I'll be there on saturday along with MWT and another friend of ours.


----------



## CraigyBoy (9 Mar 2010)

I'm going Friday. I've not been to a woodworking show before and I'm really looking forward to it. I'm surprised to see the negative views though. I looked at the list of shows, and some of the associated websites, but the rest seem pretty small in comparison. I would have thought these would be the ones people grumble about.

To those who don't think it's worth the time - what would you do differently, what would you add if you were in charge?

CB


----------



## andy king (9 Mar 2010)

jimi43":2yx6luxx said:


> Andy..the "Exhibitors" link and some pictures does not work on the site mate.
> 
> Jim



Hi Jim,

I'll get on to HQ and get them to check out what the problem is.

Andy


----------



## flounder (9 Mar 2010)

Got my tickets a couple of days after ordering them! Going to go along on friday and hoping to pick up some AI chisels! 8)


----------



## Mreagleeyes (9 Mar 2010)

CraigyBoy":10pe55sr said:


> I'm going Friday. I've not been to a woodworking show before and I'm really looking forward to it. I'm surprised to see the negative views though. I looked at the list of shows, and some of the associated websites, but the rest seem pretty small in comparison. I would have thought these would be the ones people grumble about.
> 
> To those who don't think it's worth the time - what would you do differently, what would you add if you were in charge?
> 
> CB



+1. Why all the negative vibes?. I'm going on Friday and have never been to a woodwork show. I'm quiet excited, even growing a beard so I don't look out of place!!!.


----------



## cambournepete (9 Mar 2010)

re the negative vibes...
In previous years there have been several large stalls selling rather poor quality tools poorly displayed - the sort of mess you might find at a run-down saturday market. For some these have spoiled the show.
I actually enjoyed last years show in spite of these stalls and spent most of my time watching turning demos.

If you've never been to a show before then go with an open mind, a credit card and enjoy yourselves 

I'm really looking forward to this years show and hope all the hard work by the organisers has paid off. 
I'll probably go on the Saturday, having forgotten to book holiday for the friday and arranged for people to do some work in my server room at work...


----------



## trousers (9 Mar 2010)

Well there you go Tintin. 

One post from me and suddenly everyone is going :roll: 

This used to be one of the main events on the calender, but as Andy says it did go down hill. I'm just suprised that it's taken this long for somebody to wake up and do something about it.
Perhaps if people like Philly, Andy etc had posted about the show a while ago it would have got a few members talking (show sticky notwithstanding).
That weblink has been down for a few days and to me that is just unacceptable in marketing terms in todays age.

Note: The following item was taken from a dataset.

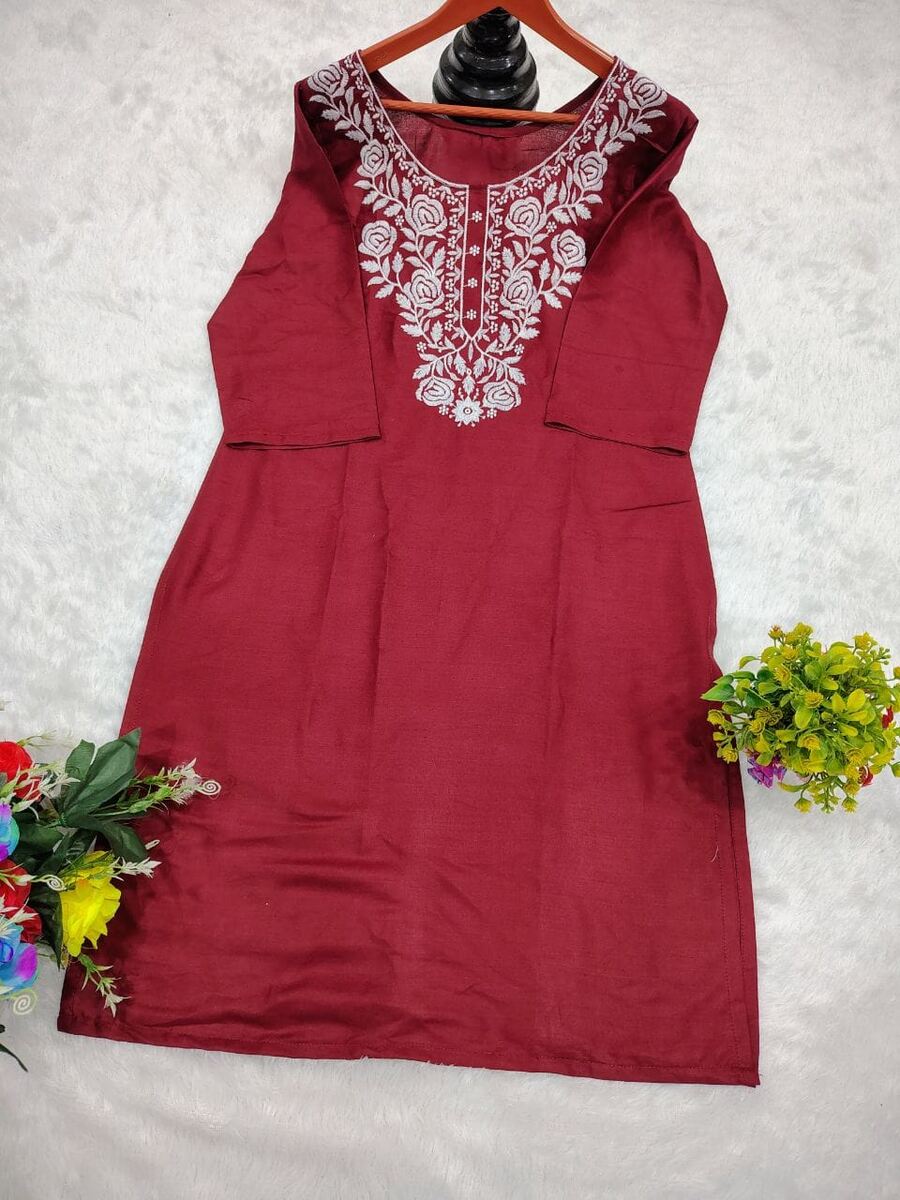FANCY RAYON COTTON EMBROIDERY WORK SHORT KURTI MAROON

From what I saw of the list before the blackout, several previous (regular)exhibitors have not been convinced by this apperent new enthusiasm by whatsername and are continuing not to support the event.
I bet you will find there are just as many, if not more of the 'tat' stalls at the end of the hall, and I really don't think this is what people pay £8.50 to go and see. I hope it's a worthwhile day out and look forward to the reviews.
I may go again (not this year) if it picks up because I think there is a place for a big show like this. You can buy tools online but you can't savour a live demo/talk that way. In fact I wish all the tool suppliers would turn up and show their wares as I always believe in getting your hands on the stuff you want to buy.
Mind you, in that respect it's easier for me to go into Axminster...........


----------



## wizer (9 Mar 2010)

Shall we save whinging until after the show?


----------



## wizer (9 Mar 2010)

BTW I was just informed that Sunday is Mother's day. So I'll have to go on Saturday which is normally th busiest day


----------



## Tintin (9 Mar 2010)

trousers":qr1h9isz said:


> Well there you go Tintin.
> One post from me and suddenly everyone is going :roll:



  

Well its good to see some interest! I will be going on Friday and hope to see some of the demonstrators do their magic.. 
Also its time to treat myself to some decent chisels, having struggled with cheap uns for far too long.
So will be looking at Pfeil or Aashlelys if I can manage to elbow flounder out the way :wink: 

Most definatly looking to see a Sorby Pro edge at work since my gouges are in need of some serious attention. So that may well be the highlight if the price is right. (How much can you haggle at shows?)
A little beer in the bar won't go amiss either..


----------



## Terry Smart (9 Mar 2010)

wizer":2wbpkjzs said:


> Saturday which is normally th busiest day



Surprisingly, in our experience, this isn't the case; Friday is usually the best/busiest day (for us that is - we have a different perspective).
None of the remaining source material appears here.